We herewith present the first of a series of educational cartoons. The force of the cartoon in remedying social evils has been tremendous. Dickens and Cruickshank overturned the iniquities of the British School system by means of their verbal and pictorial cartoons. Tom Nast made Boss Tweed say: “My people can’t read—but when Tom Nast draws a picture of me with my hand in the other fellow’s pocket, the game is up.” The use of comic pictures to show an evil at a glance has never been applied to the educational side of music hitherto.
Surely a game of bridge in one corner of the room and a toy symphony in the other should not take Sadie’s attention away from the fascinating diversion of a Czerny study. Why not relieve the monotony of practice by a little excitement ? Of course, concentration is unnecessary if mamma pays enough to engage a teacher to be with Sadie one hour a week. If Sadie doesn’t get ahead, scold her and make it hot for the teacher. Never fail to blame the teacher. He’s accustomed to it.

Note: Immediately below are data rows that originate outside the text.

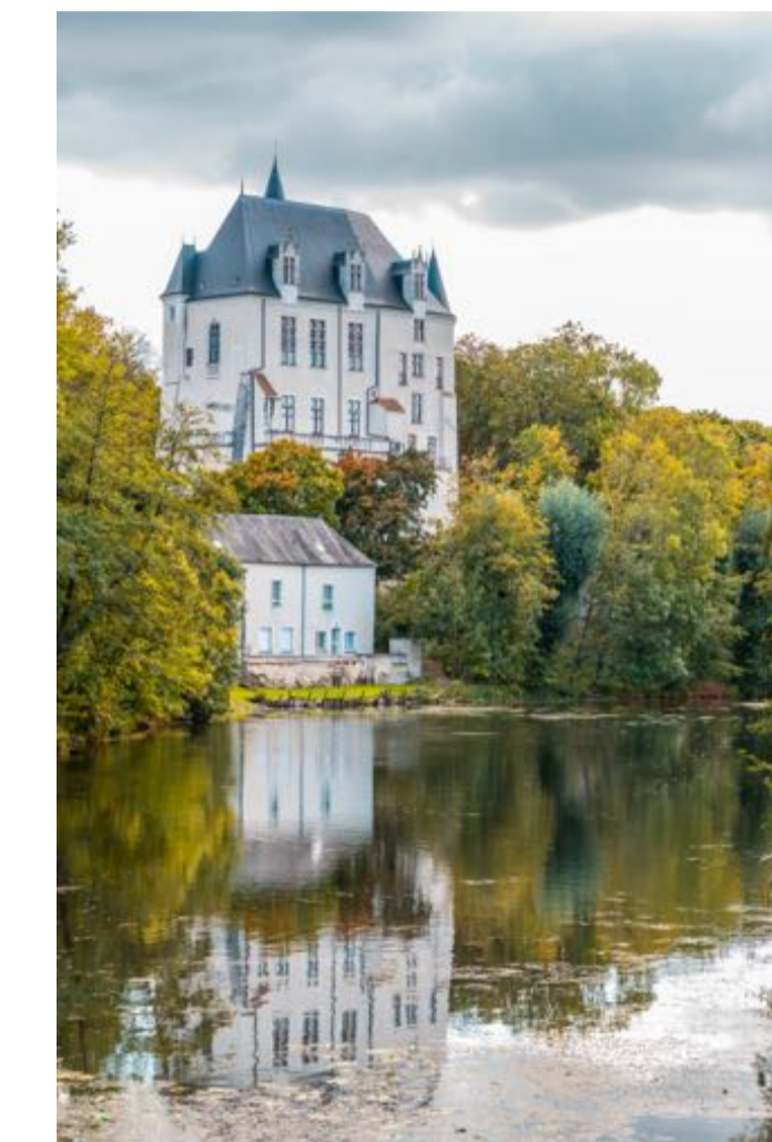
Château Raoul XII ème Siècle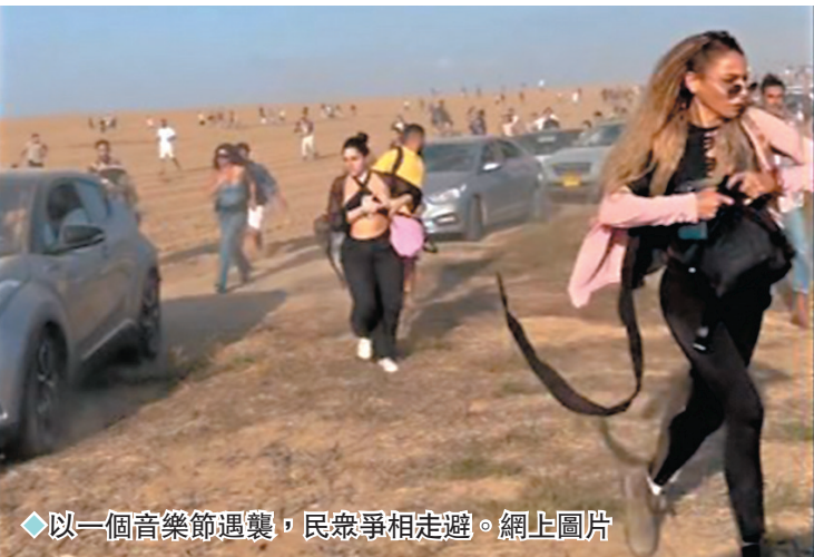
◆以一個音樂節遇襲，民眾爭相走避。

以色列駐法國大使摩拉夫承認，以國情報系統存在問題，「如果我們事先有哪怕一絲情報，都會準備反擊。我們必須吸取教訓。」BBC也引述以國匿名官員消息稱，以國內部針對情報機構失靈的調查已經開始，料會持續數年。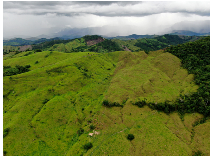
Les paysages déforestés de la région de San Martín.

Cette expérience apparaît comme une première confrontation avec la réalité de la déforestation. Cette complexité de contexte s'exprime aussi par les premières prises de contact avec les acteurs du territoire : exploitants, coopérative agricole, autorités locales, porteurs de projets ou membres de l'ONG. Ces rencontres font émerger la difficulté des objectifs d'intégration sociale, indissociable à la réussite d'un projet agroforestier ici, au Pérou. Les populations locales ont été ébranlées par des programmes agricoles ou de reforestation nationaux et provinciaux brutalement abandonnés, parfois jamais commencés ou qui révèlent fréquemment des cas de corruptions. Sensibiliser et diffuser au sujet d'un modèle agroforestier durable apparaît compliqué. En agroforesterie, l'engagement sur le long terme est primordial, mais les porteurs de projet souhaitent souvent une rentabilité économique à court ou moyen termes. Il me faudra plusieurs mois pour prendre la mesure du travail attendu face à un modèle d'agriculture intensive encore largement diffusé et incité par les coopératives agricoles locales.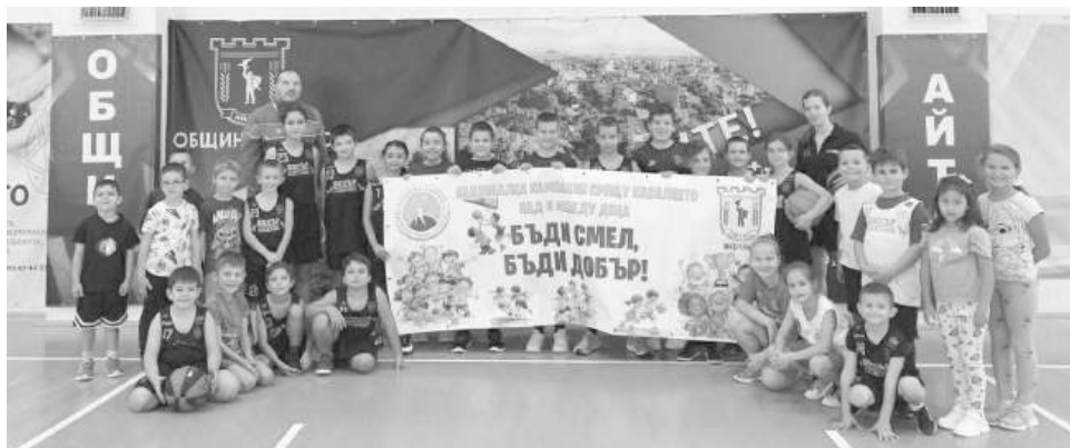
В динамична „Седмица на спортните дейности“

Тази година Местната комисия за борба срещу противообществените прояви на малолетни и непълнолетни - Айтос организира, съвместно с екипа на Младежки център – Айтос, една много динамична „Седмица на спортните дейности“. Подкрепя за инициативите през Седмицата, МКБППМН – Айтос получи и от Баскетболния клуб „Вихър“.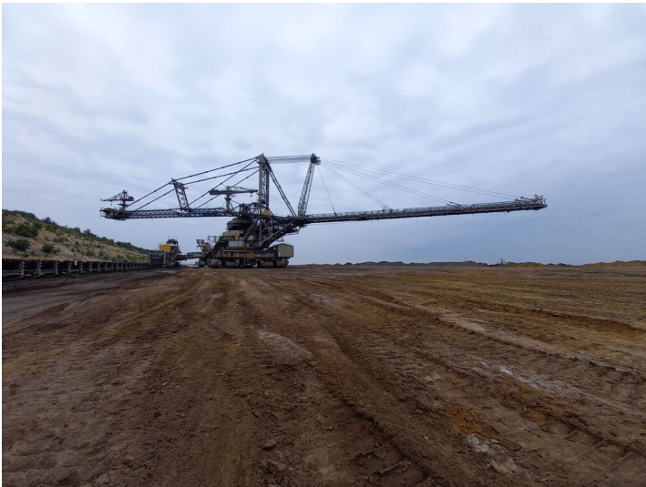
Absetzer 1105 A2Rs-B 15400.120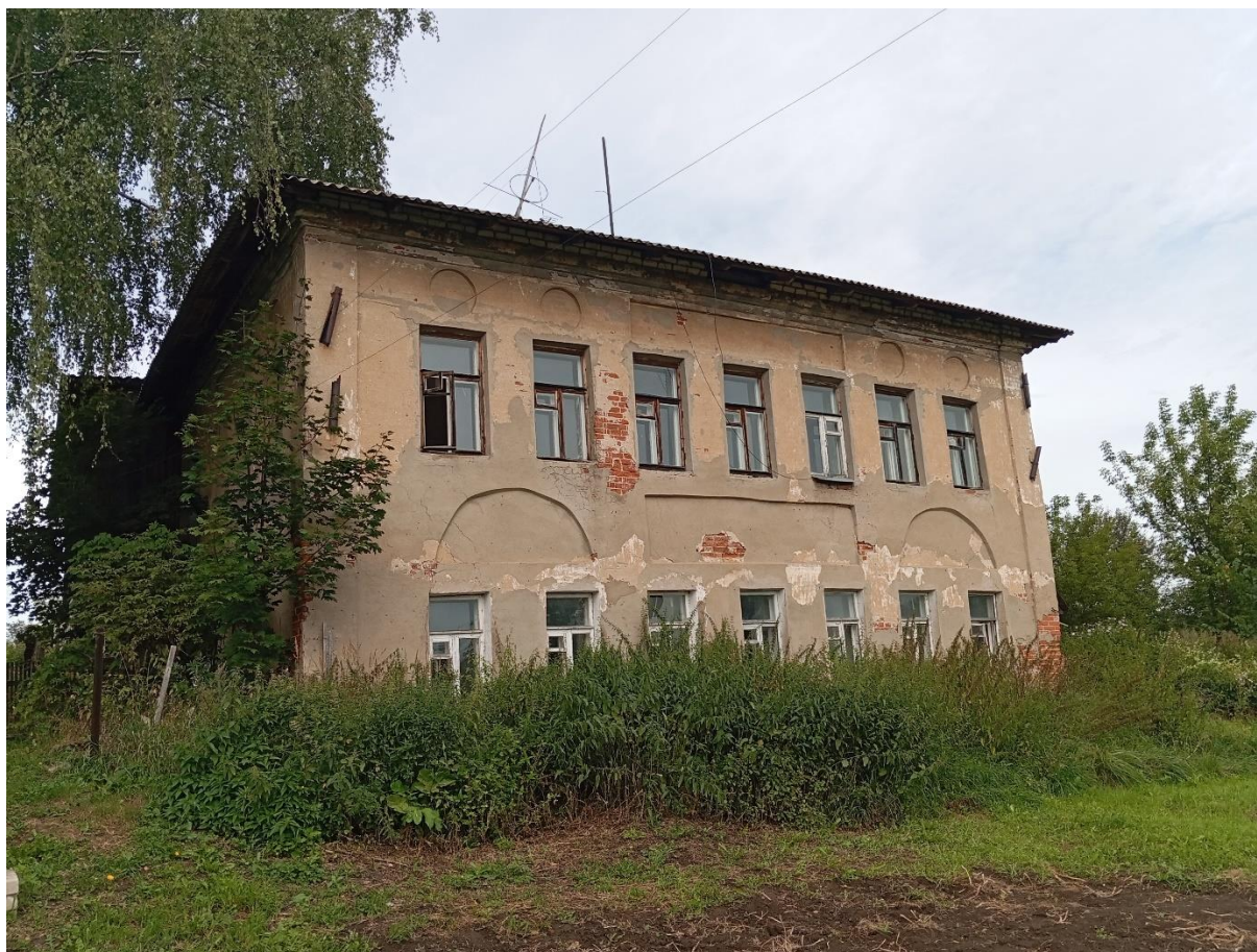
Фото 2. Вид главного фасада объекта с юга.

Декоративное решение имеется только на главном фасаде. На его углах – широкие плоские лопатки. Центр выделен широкой горизонтальной филёнкой над тремя средними окнами как над окнами первого, так и над окнами второго этажей. Над двумя боковыми окнами с каждой стороны от центральных трёх – единые неглубокие арочные филёнки, над боковыми окнами 2-го этажа – круглые филёнки. Венчает все кирпичные фасады многоступенчатый карниз.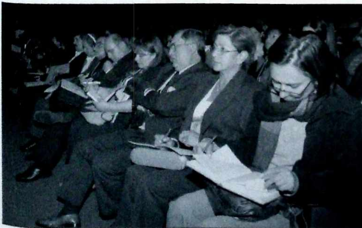
Se requiere fortalecer los escenarios de movilización social para la educación.

Inició su intervención haciendo un llamado a entender la dimensión y trascendencia de los Foros Locales como espacios organizativos, participativos y de decisión donde los miembros de las comunidades educativas tienen la oportunidad de dialogar en torno a sus problemáticas, reivindicaciones y propuestas que inquietan el mundo escolar.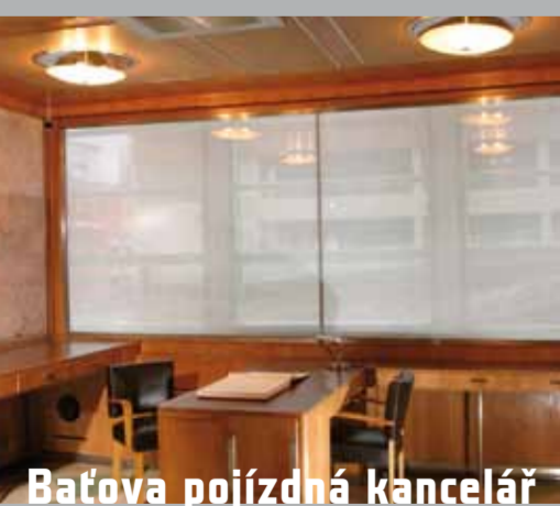
Baťova pojezdňá kancelář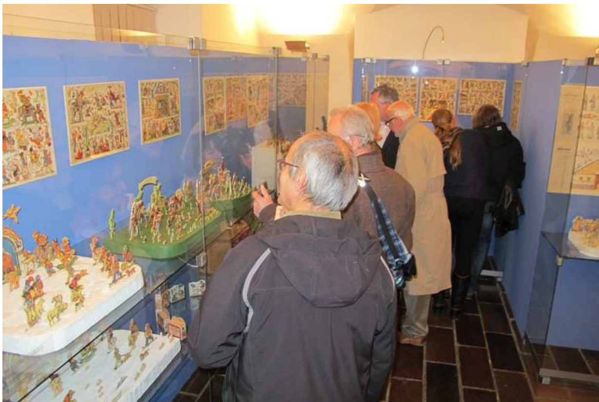
Betlémy, tentokrát tištěné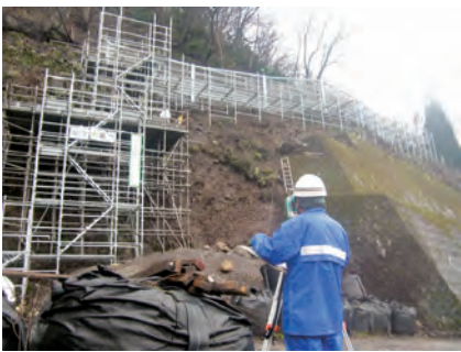
支柱設置位置確認 (主) 富山上滝山線落石防護柵設置工事 発注者：富山県富山土木センター 〔施工管理〕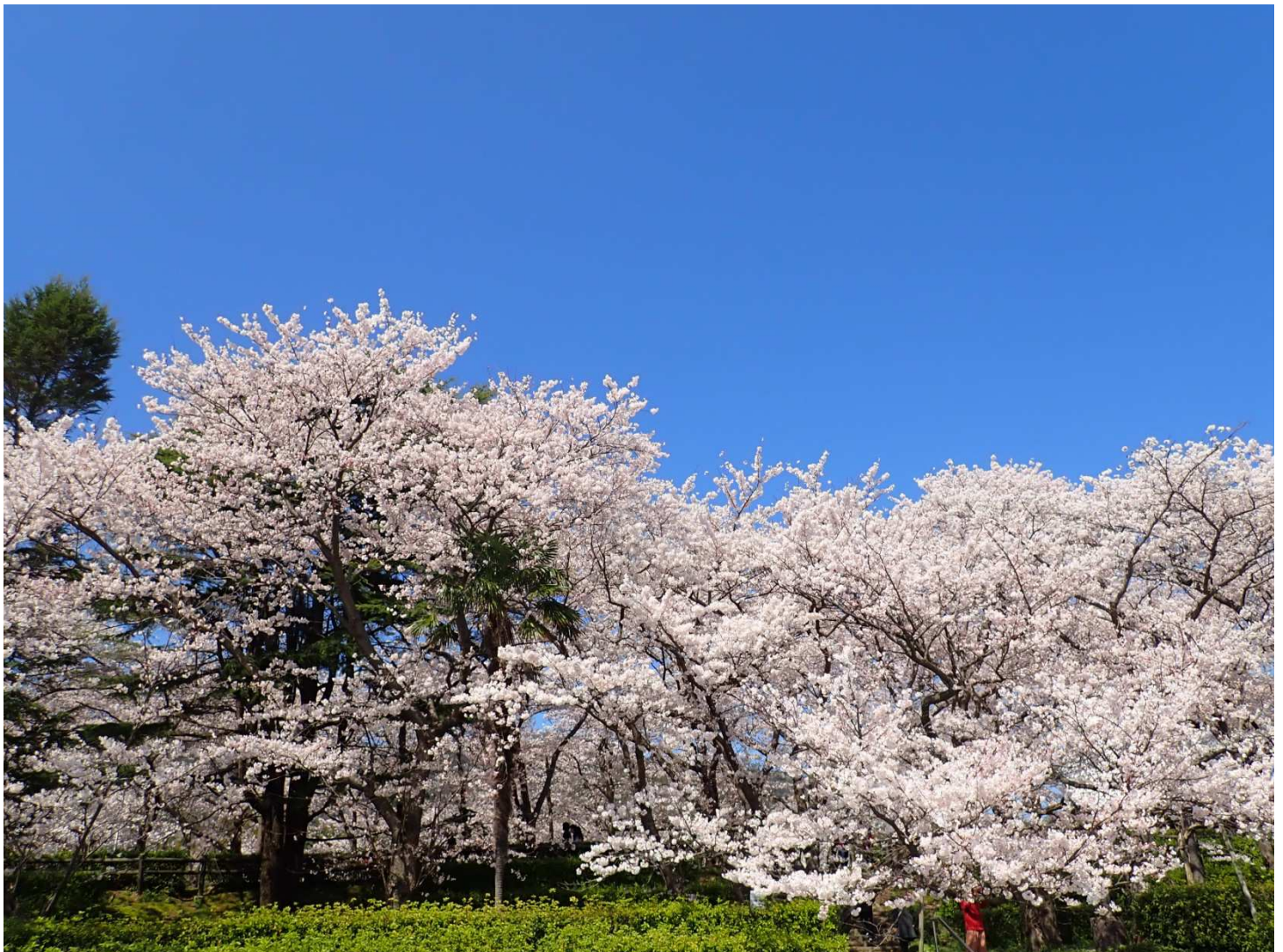
撮影場所: 台場公園

新型コロナウイルス感染の完全なる終息が未だ見えず、更には国外で起こった戦争に起因した食材や原油等の高騰による物価急上昇と、今や不測の事態により日常生活に行き詰りを感じている人も多く、誰もが突然生活困窮状態に陥ることも少なくありません。

Of course, Sadie couldn’t be made to realize that she played a sharp instead of a flat if the teacher did not tear his hair and storm around the room. Moreover, the teacher who gets into a rage at the most trifling mistake must surely have a beneficial effect upon Sadie’s delicate nervous system. How unnecessary it is to explain the difficulty quietly and intelligently when one can become so picturesque by imitating a maniac. What value has patience in teaching, anyhow?